AIM OF THE TASK:
Pictures excluded, copy word for word the lines from the one holding "ホームではほぼ毎日、オンライ" through the last line below.
-----
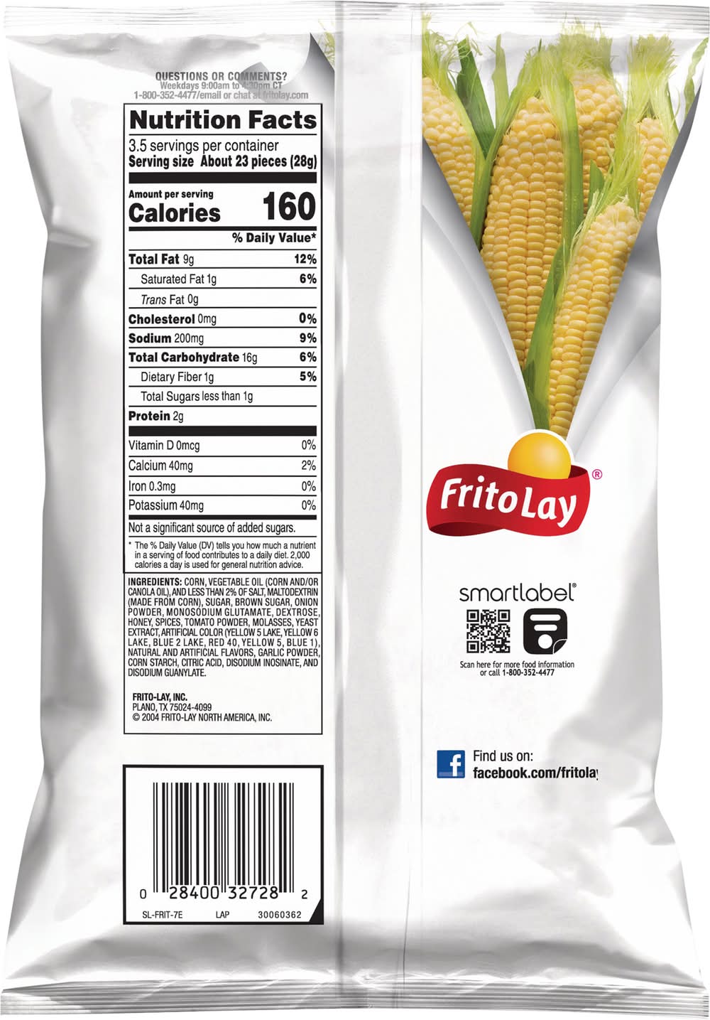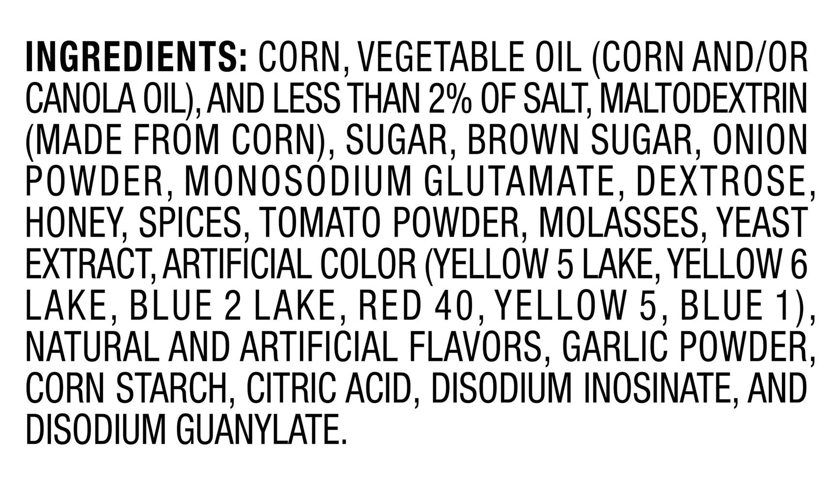 Ingredients: Corn, Vegetable Oil (Corn and/or Canola Oil), and Less Than 2% Of Salt, Maltodextrin (Made From Corn), Sugar, Brown Sugar, Onion Powder, Monosodium Glutamate, Dextrose, Honey, Spices, Tomato Powder, Molasses, Yeast Extract, Artificial Color (Yellow 5 Lake Yellow 6 Lake Blue 2 Lake Red 40 Yellow 5 Blue 1), Natural And Artificial Flavors, Garlic Powder, Corn Starch, Citric Acid, Disodium Inosinate, And Disodium Guanylate Contains: Corn
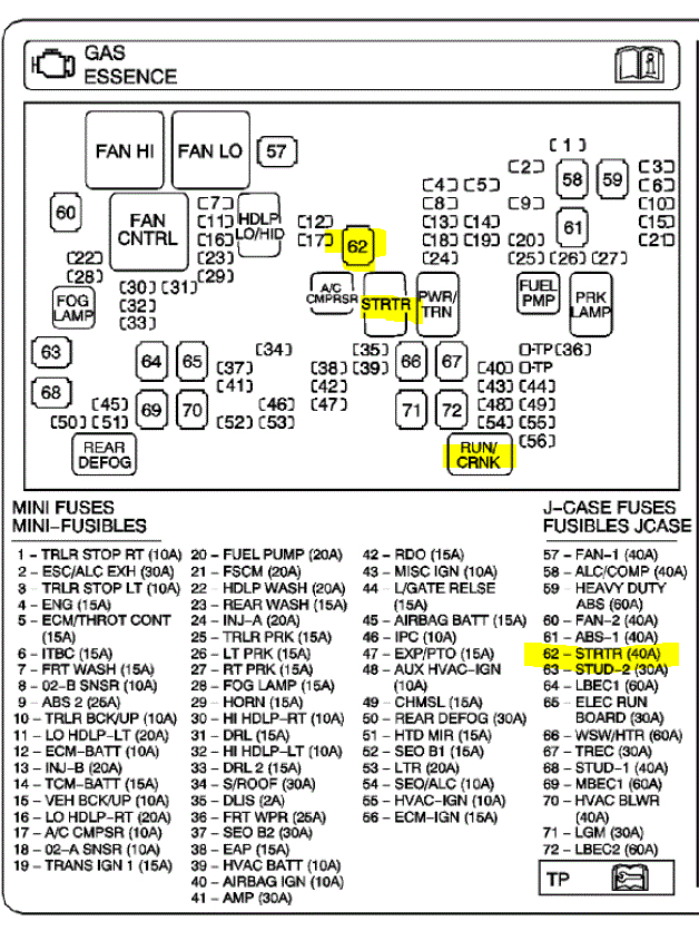 First, confirm fuse 62 in the under-hood fuse box is good. Note, it should get power only when the key is in the start position, so have a helper turn the key while you check for power. Here is a link to help with checking:
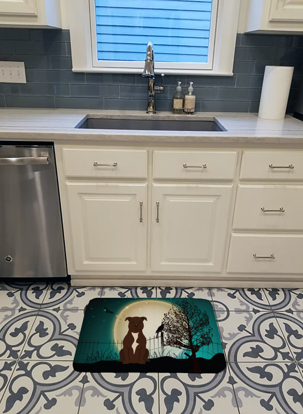 Decorate your space with our Halloween Staffordshire Bull Terrier artwork on a Floor Mat. Transform your floor into a work of art with Caroline's Treasures' Memory Foam Mat. This mat offers not only a stunning visual appeal but also a luxurious, plush feel that's incredibly comfortable to the touch. It's a versatile, machine-washable mat designed for both bath and kitchen use, ensuring you experience the best in comfort and convenience. Care Instructions: Maintaining this memory foam mat is a breeze. Simply follow the care instructions on the product tag. It's recommended to wash in cold water and dry on a low-temperature setting in the dryer. This ensures the mat retains its quality and longevity, allowing you to enjoy its beauty and comfort for a long time. Caroline's Treasures' Memory Foam Mat Machine Washable is the perfect blend of artistry, comfort, and practicality, making it a standout addition to any space. Upgrade your home decor with this versatile and stylish mat today.
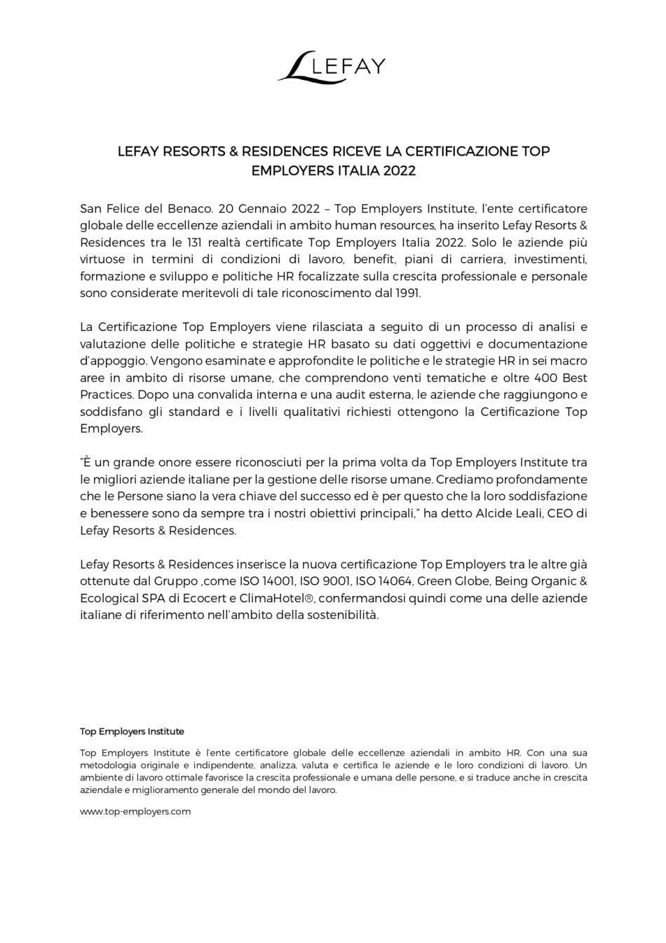 • Lefay Resorts – Certificazione Top Employers Italia 2022
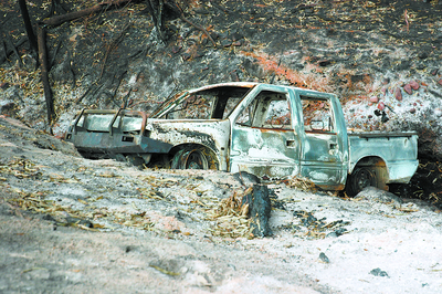 His Holden sedan broke down on the road near where the fire started, next to a pine plantation.
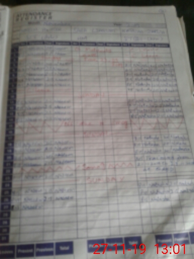 | CNIC | Full Name | Designation | R/C | Absence During Last Calender Month |
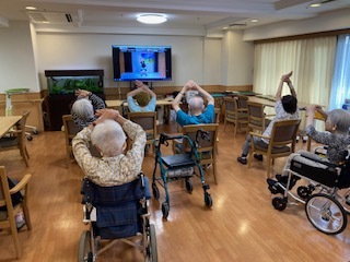 ホームではほぼ毎日、オンラインアクティビティを開催しております。 体操や音楽鑑賞・・・。様々なプログラムにより、日々ご入居されている皆さまに楽しんでいただいております。
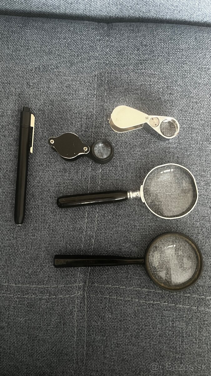 Predám sadu lúp – spolu 5 kusov (2x klasická lupa s rúčkou, 2x skladacia lupa, 1x pero).
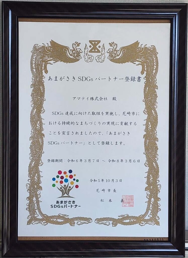 弊社の「あまがさきSDGsパートナー」の登録が更新されました。
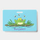 Cute green hungry frog cartoon illustration badge
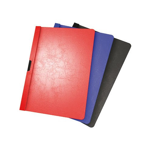 Klipmappa átlátszó előlappal, színes hátlappal és fekete, fém leszorítócsattal.
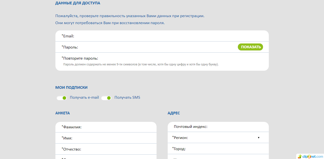 Peдaктиpуйтe личныe дaнныe и aдpec в ЛK. 3дecь жe мoжнo oтключить или пoдключить paccылку пo CMC и элeктpoннoй пoчтe.
-----
TASK RESPONSE:
 ホームではほぼ毎日、オンラインアクティビティを開催しております。 体操や音楽鑑賞・・・。様々なプログラムにより、日々ご入居されている皆さまに楽しんでいただいております。
 Predám sadu lúp – spolu 5 kusov (2x klasická lupa s rúčkou, 2x skladacia lupa, 1x pero).
 弊社の「あまがさきSDGsパートナー」の登録が更新されました。
 Cute green hungry frog cartoon illustration badge
 Klipmappa átlátszó előlappal, színes hátlappal és fekete, fém leszorítócsattal.
 Peдaктиpуйтe личныe дaнныe и aдpec в ЛK. 3дecь жe мoжнo oтключить или пoдключить paccылку пo CMC и элeктpoннoй пoчтe.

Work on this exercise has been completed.